Eu estava com meus sócios escritores e, na volta, esperando a barca para o Rio, quando então conversamos e fomos unânimes: como era legal ver a atenção e o cuidado de Jair Marinho com Altair. Amigos de uma vida inteira, um cuidando do outro nesta vida difícil de um mundo cada vez mais injusto, egoísta e indiferente. Era muito mais do que o Fluminense, suas vitórias ou celebrações. Era a vida, a vida em riste, acolhedora como deveria ser sempre.

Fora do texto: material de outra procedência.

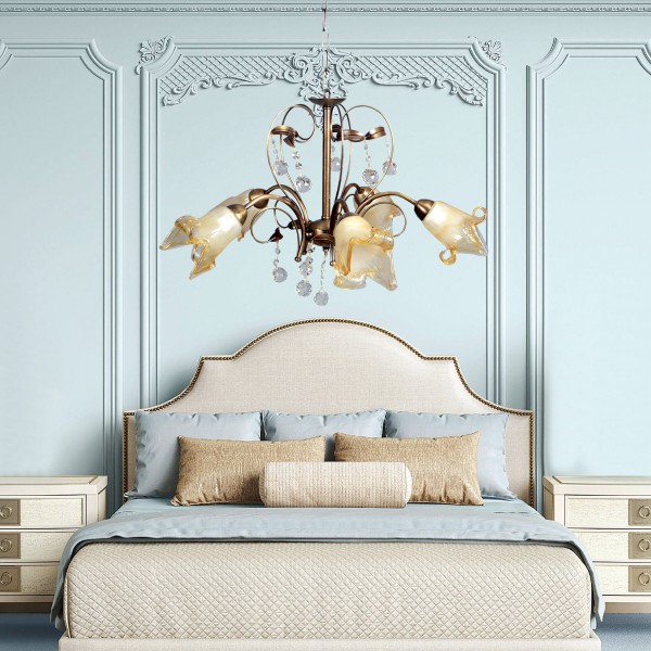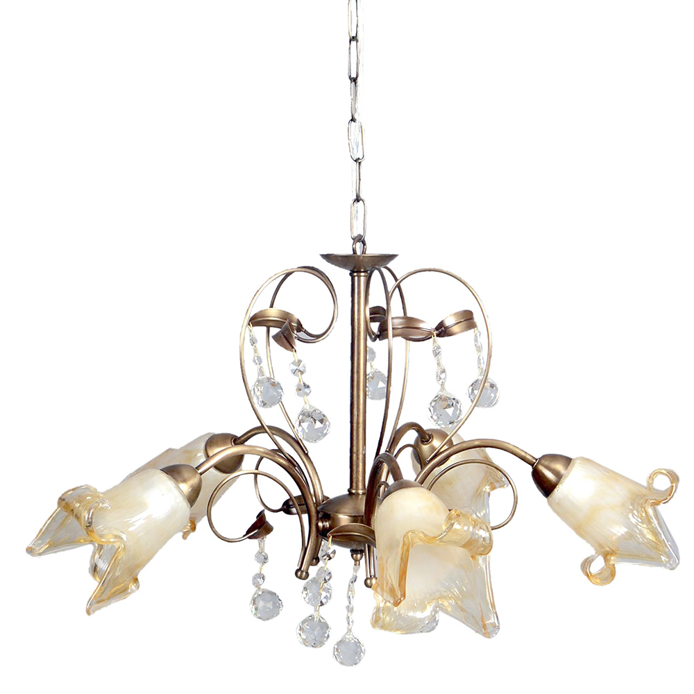 Πρόκειται για ένα κρεμαστό φωτιστικό από οξυντέ μέταλλο και πέντε λαμπτήρες. Τα μελί γυαλιά καλύπτουν τους λαμπτήρες και τα διάφανα κρύσταλλα του δίνουν μια επιπλέον λάμψη. Η μεταλλική ανάρτηση είναι ρυθμιζόμενη για να προσαρμοστεί στον κάθε χώρο.

O tempo passou, a vida escorreu, o Fluminense ganhou e perdeu, foi feliz e triste, as arquibancadas foram destruídas e, de lá para cá, falou-se muito de títulos, de craques, de perebas, de politicagem, de contas enganosas, até chegarmos a grande era dos idiotas com voz, definidos magistralmente por Umberto Eco – alguns até se acham celebridades de Facebook e Twitter. Tudo isso num mundo que girou, mas sem qualquer alteração num único item: o desprezo aos heróis que honraram a camisa do Fluminense no passado, principalmente os que jogaram antes dos anos 1990, com salários muito mais baixos do que os de hoje – e muitas vezes, tendo assinado contratos em branco.
Altair merece respeito. Muito respeito. Não sei dizer se até o fechamento desta coluna o Fluminense tomou alguma atitude de amparo, até porque a comunicação é hesitante. Seja pelo clube, seja pelos bilionários que reúne, seja lá por quem for, o que não cabe é a omissão diante do caso.
Uma futura bandeira sobre o caixão não é suficiente para encobrir qualquer ingratidão.
Altair está em situação grave. Escurinho está numa casa de repouso. Poderia fazer uma lista telefônica inteira aqui. Reconhecer ídolos do passado e abraçá-los é cuidar da própria história.
Não é o caso de dinheiro do Fluminense, mas de atitude. Atitude.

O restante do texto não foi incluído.